I commiserated with him, and explained the facts of life as I understand them:
IT undergraduates have lecturers they like and lecturers they hate. They hate the lecturers who first teach them C.
This isn’t so much a theory as a working hypothesis. My sample size is only small. (I welcome additional data points as comments from people who have received formal tuition in C, whether they liked or hated their C lecturer. Self-selection bias be damned… and the false dilemma you rode in on.)
Of course, correlation doesn’t prove causality. There could be other good reasons – perhaps the worst lecturers tend to get assigned to the C language. The lecturer I was chatting to seemed a counter-example; I had had him previously as a lecturer and tutor, and he was fine at both.

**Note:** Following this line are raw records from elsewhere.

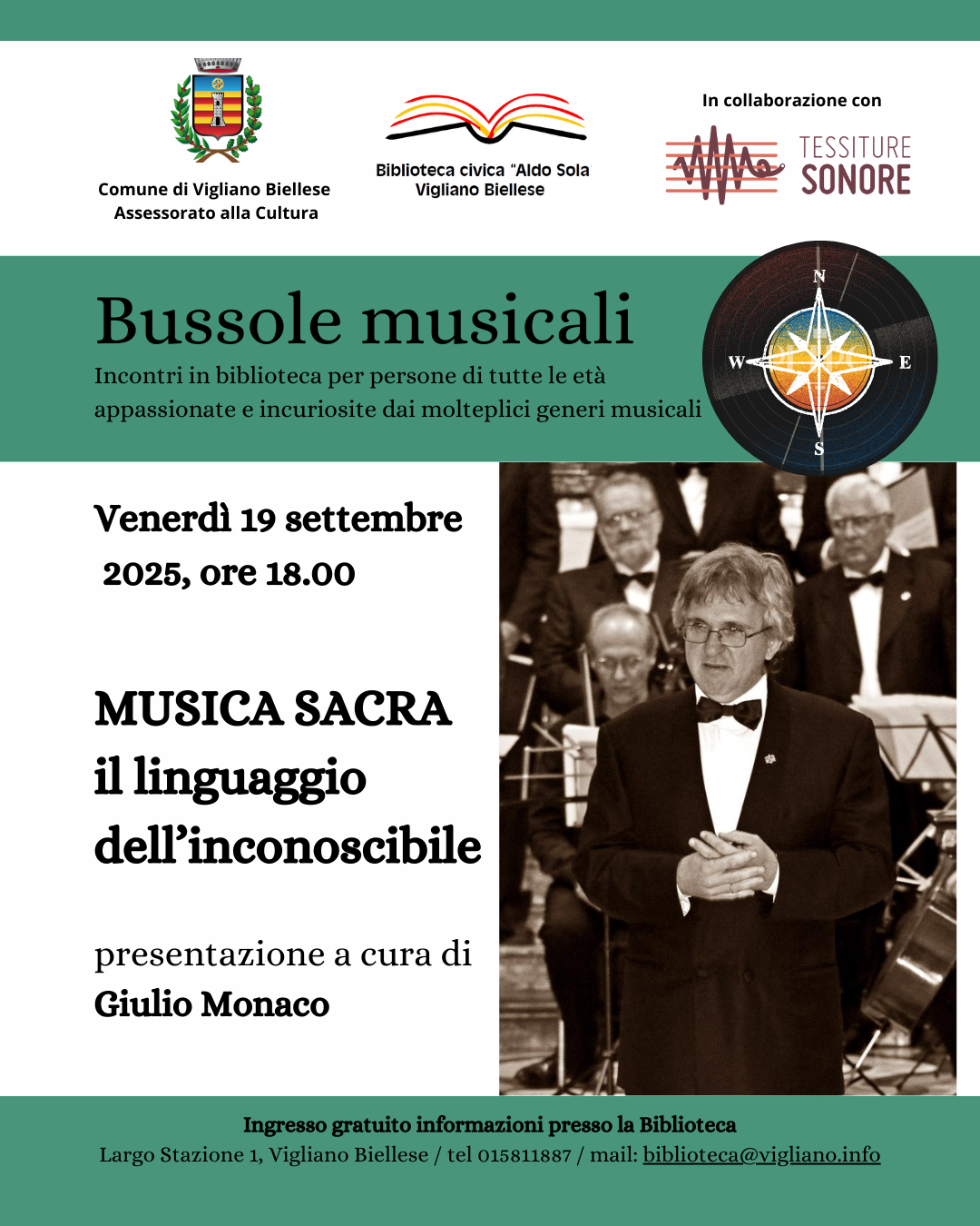 Venerdì 19 settembre alle ore 18,00, nell’ambito del progetto “Bussole musicali”, la Biblioteca comunale ospiterà il maestro Giulio Monaco, direttore corale, diplomato presso il conservatorio “G. Verdi” di Milano, attualmente presidente del comitato artistico della Associazione Cori Piemontesi, membro eletto della Commissione Artistica della Federazione Corale Nazionale e direttore artistico della collana discografica Musica e Musicisti Biellesi.
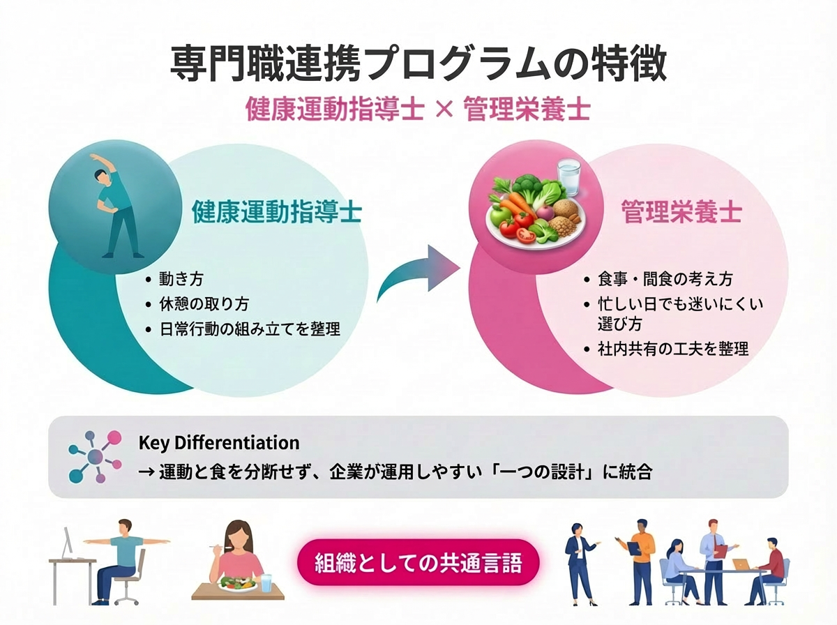 運動と食を分断せず、企業が運用しやすい「一つの設計」として整える点が特徴です。
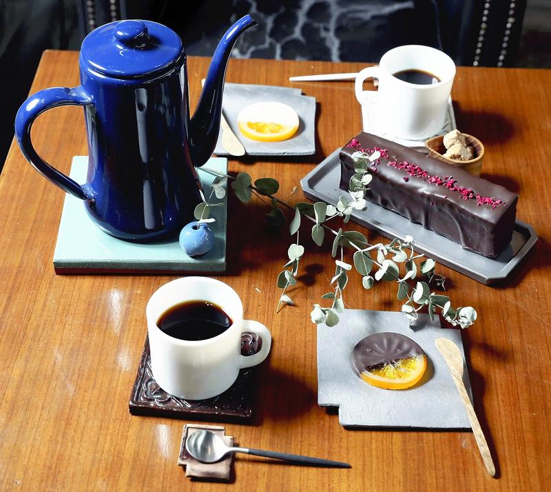 For a cafe-like setting, Ichinose suggested small kawara dishes and coasters featuring family emblems, on which he placed cakes and pottery mugs. The products go well with a wooden table, creating a relaxed atmosphere.
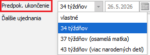 Pri pridávaní materskej dovolenky program automaticky doplní dátum predpokladaného ukončenia v poli Predpok. ukončenie. Vychádza pri tom zo štandardnej dĺžky materskej dovolenky v trvaní 34 týždňov. V prípade potreby je možné dĺžku materskej dovolenky zmeniť.
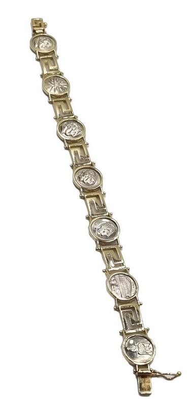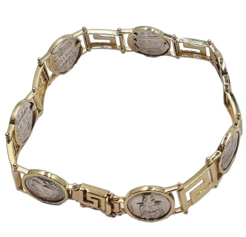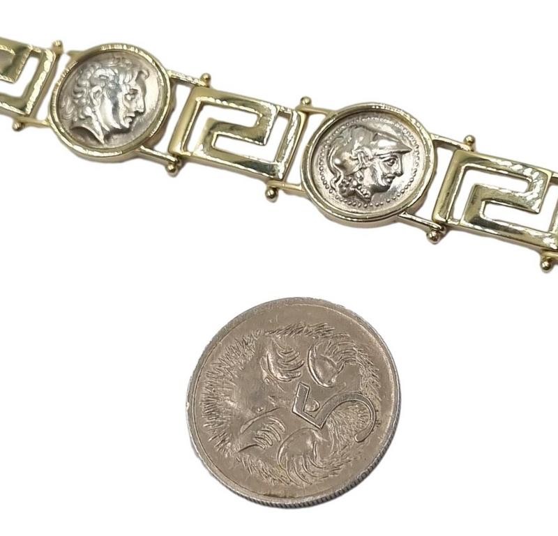 This 14ct yellow and white gold bracelet features a replica Ancient Greek coin design. Crafted from 14ct (.585) gold, the bracelet measures 19cm in length and weighs a substantial 19.94g. The distinctive coin motif adds a unique touch of antique-inspired style to this versatile gold accessory.
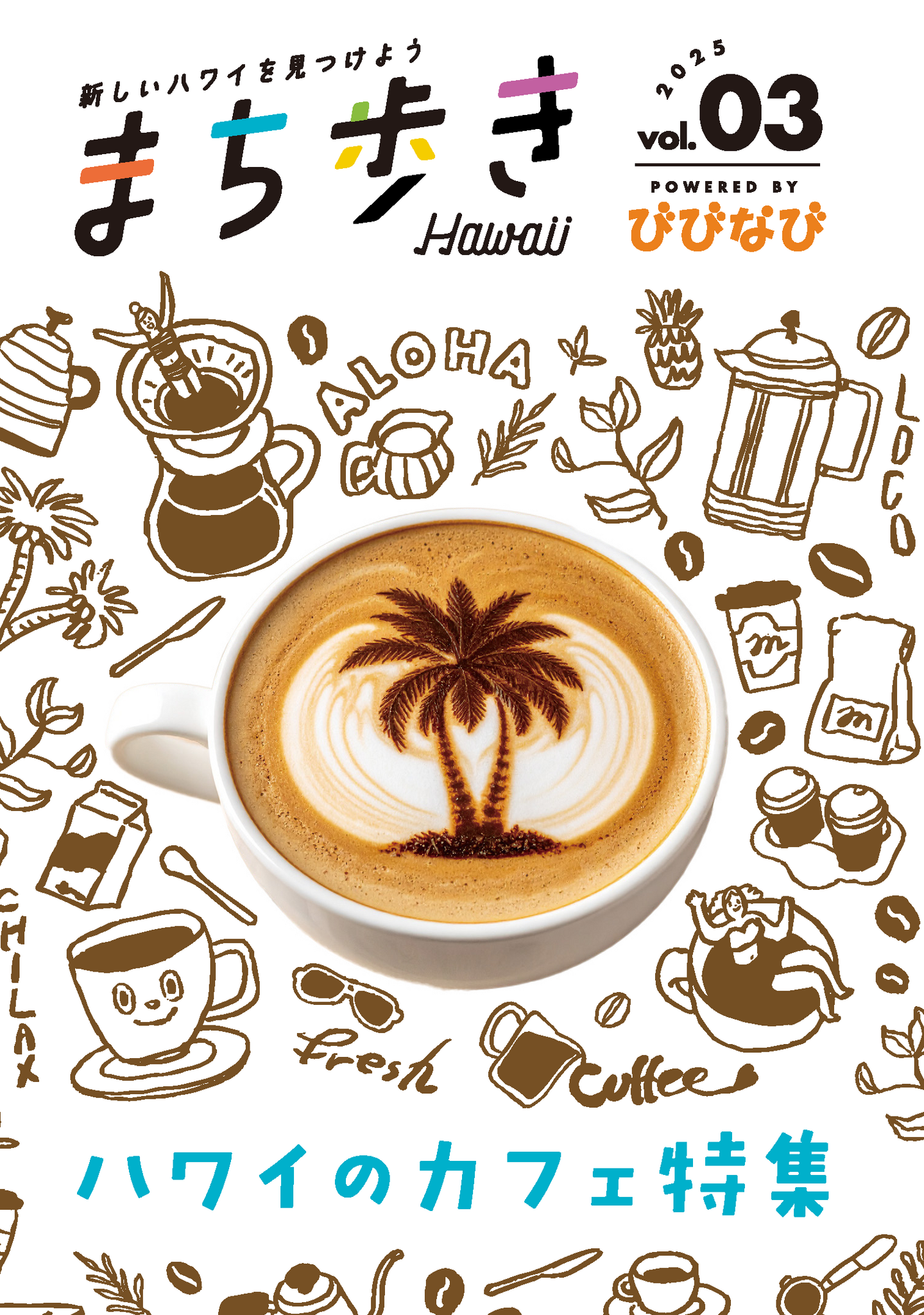 びびなびハワイでは「まち歩き」(ハワイ地域情報)の誌面を発行しました!ウェブ版では誌面に載っていない記事もたくさんご覧いただけます。ワイキキのマガジンラック、日本のハワイ関連店舗、旅行代理店、ウェディング会社、成田空港ラウンジなどにも設置させていただいております。店舗やラックなどで見かけたら、ぜひお持ち帰りください。
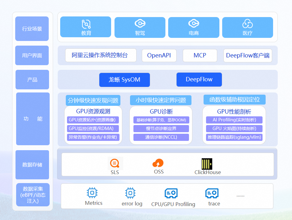 系统运维联盟则通过整合各厂商资源优势,积极开展运维产业的技术合作交流,促进操作系统及运维、可观测领域的产学研结合、技术创新和科技成果转化落地。在应对 AI 基础设施在异构环境下的可观测性挑战中,阿里云、云杉世纪基于龙蜥社区运维联盟联合产出《AI 基础设施可观测解决方案》,该方案基于 eBPF 技术实现了 AI 全栈可观测方案,解决了异构场景的数据指标关联问题,支持全局维度的串联能力,定位 CPU 和 GPU 的性能等问题,适用于银行、电信、教育等业务场景的可观测,并在银行、电信等行业落地使用。
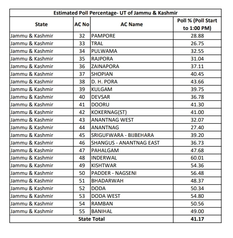 SRINAGAR, Sept 18: With polling for 1st Phase of General Elections to J&K Legislative Assembly receiving huge momentum, all polling stations of 24 Assembly Constituencies across seven districts of Jammu & Kashmir have recorded an impressive 41.17 percent voter turnout till 1 pm communicated the Chief Electoral Officer, J&K.
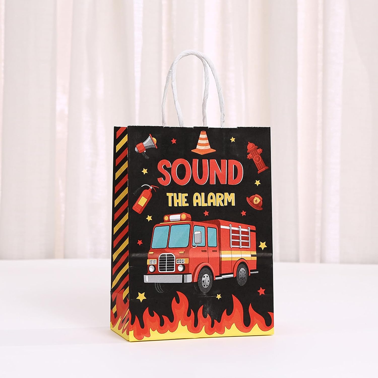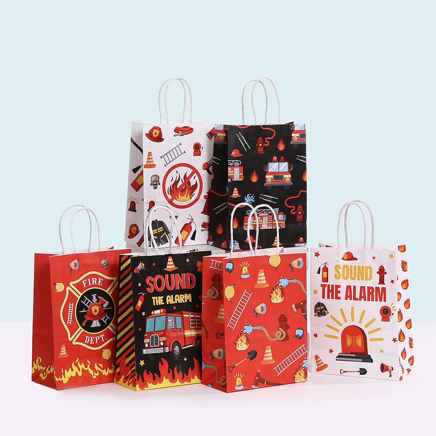 - Adorable Firefighter Theme: These gift bags feature charming firefighter and fire truck designs, perfect for kids' birthdays, fire safety awareness events, or themed parties.
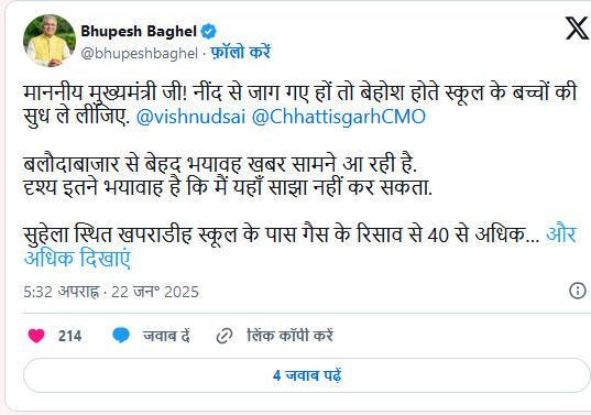 पूर्व मुख्यमंत्री भूपेश बघेल ने इस घटना को लेकर सरकार पर निशाना साधा। उन्होंने एक्स (पूर्व में ट्विटर) पर लिखा, “बलौदाबाजार से भयावह खबर सामने आ रही है। खपराडीह स्कूल के पास गैस रिसाव के कारण 40 से अधिक बच्चों की तबीयत खराब हो गई है। प्रशासन को समय रहते कदम उठाने चाहिए थे।”
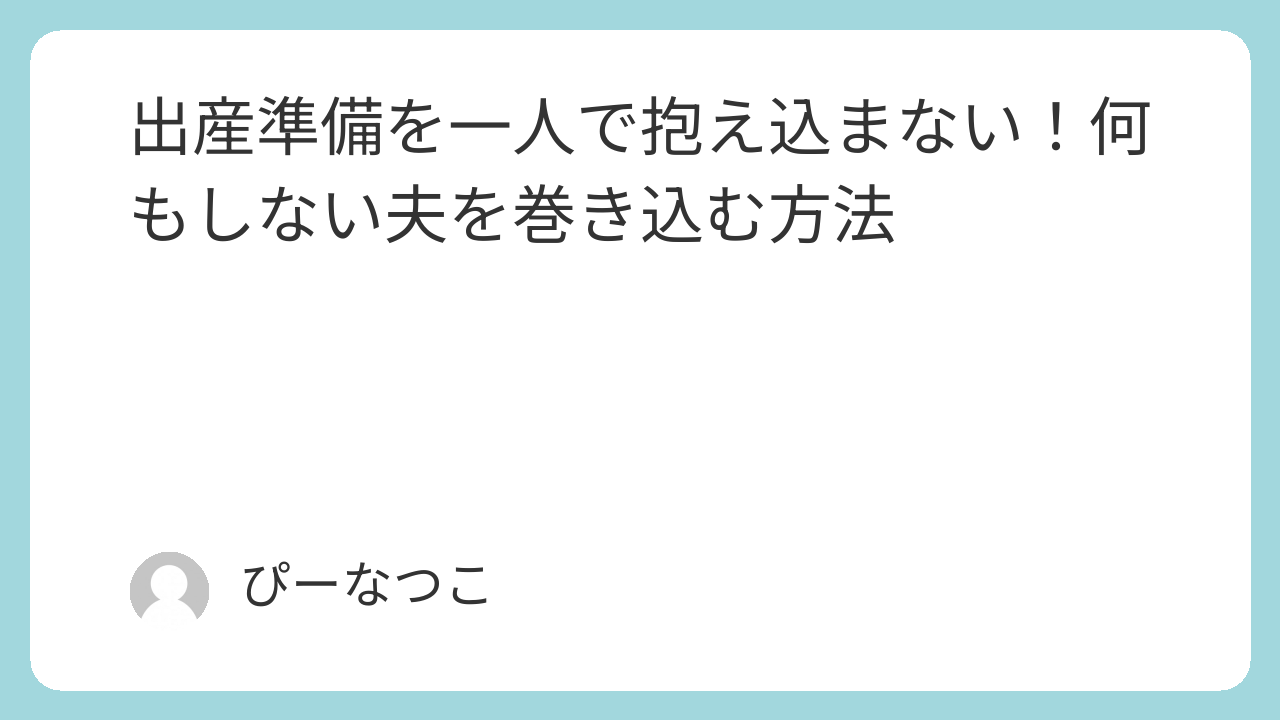 出産準備は「ひとりの仕事」じゃありません。夫婦ふたりで赤ちゃんを迎える準備ができるよう、少しずつ巻き込んでいきましょう。
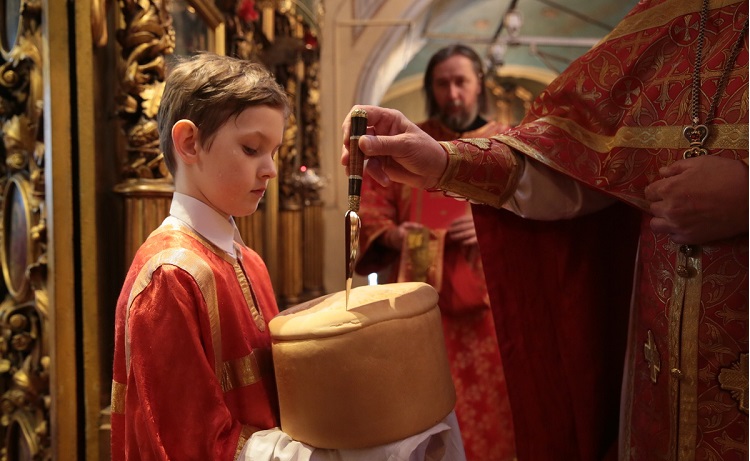 После окончания пасхальной литургии, всем присутствующим в храме раздают частички «Хлеба жизни».
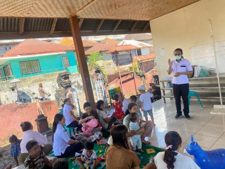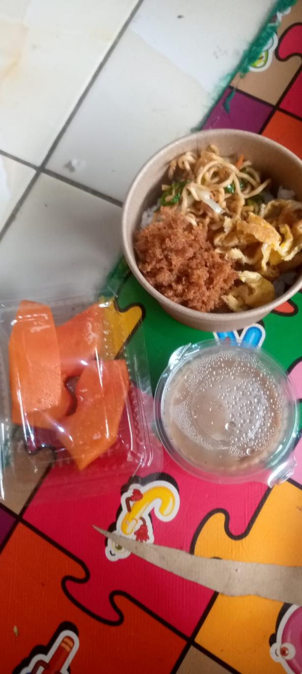 Pada kesempatan ini juga diberikan Pemberian Makanan Tambahan (PMT) bagi balita berupa nasi putih dengan lauk abon ayam, telur goreng, dan mie sayur, yang dilengkapi dengan puding serta buah pepaya sebagai tambahan asupan gizi untuk mendukung pertumbuhan anak.
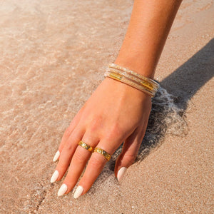 Mindful Glamour Ritual: Pause. Breathe. Slip on your Three Sands AWB® and feel the grounding embrace of the earth. With each bangle, set an intention for presence, balance, and gratitude, carrying the essence of stillness and grace throughout your day.
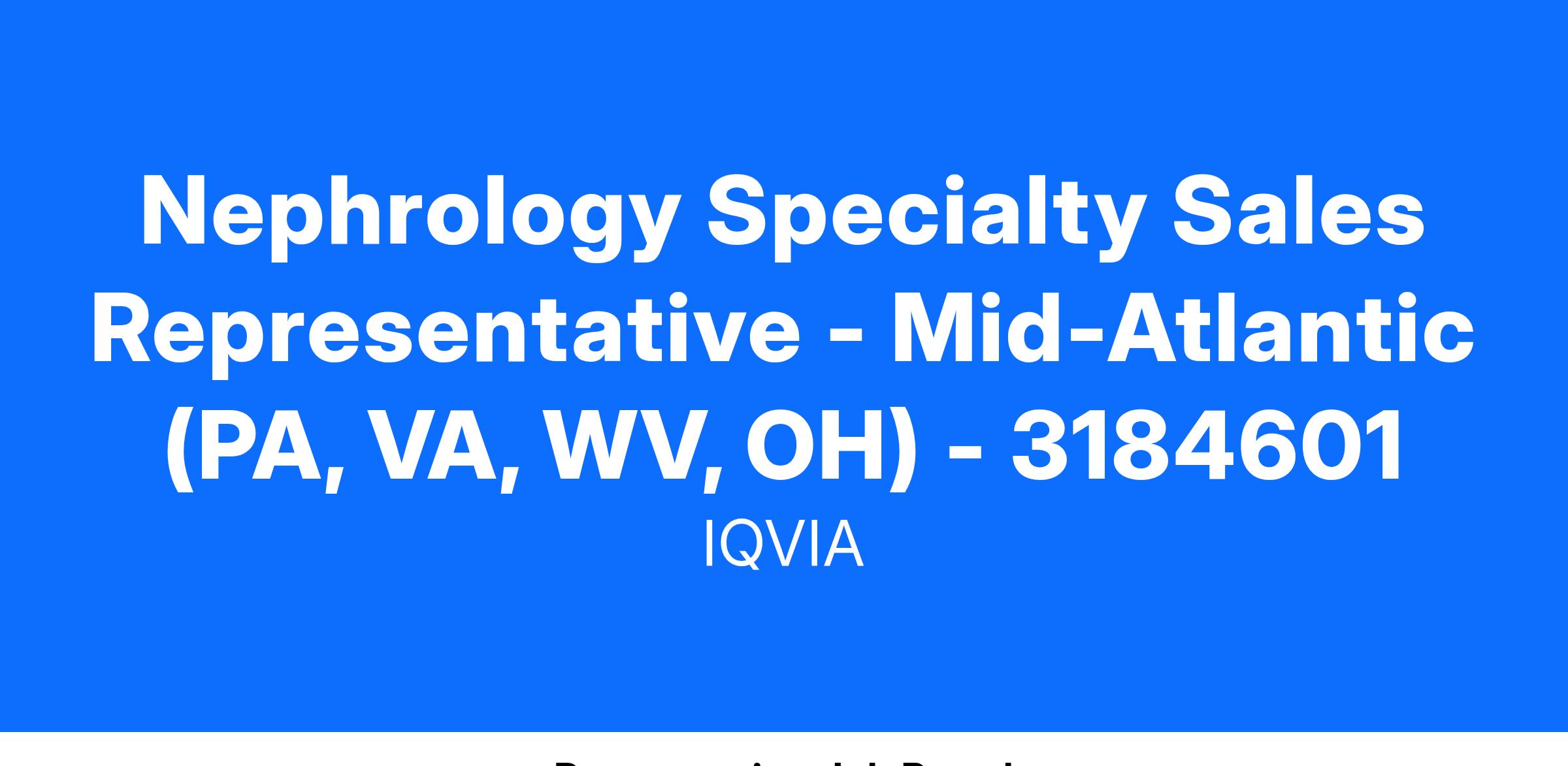 Nephrology Specialty Sales Representative - Mid-Atlantic (PA, VA, WV, OH) - 3184601

I suspect the reason for this is that undergraduates themselves correlate having a frustrating time learning the language with the wrong cause: they blame the lecturer.
I don’t think there is anything the lecturers can do – they just have to live with being hated.
The C-afficionados in the audience should note: I haven’t attacked the power or utility of the C language. I am not saying it shouldn’t be used. I am just talking about the difficulty for undergraduates to pick up the concepts. I am not taking sides in a religious language war here, you poor deluded fools.
I should also note that I didn’t dislike my C lecturer because of some mistaken transference of frustration. I disliked him for genuine reasons, but that will be in a post coming soon.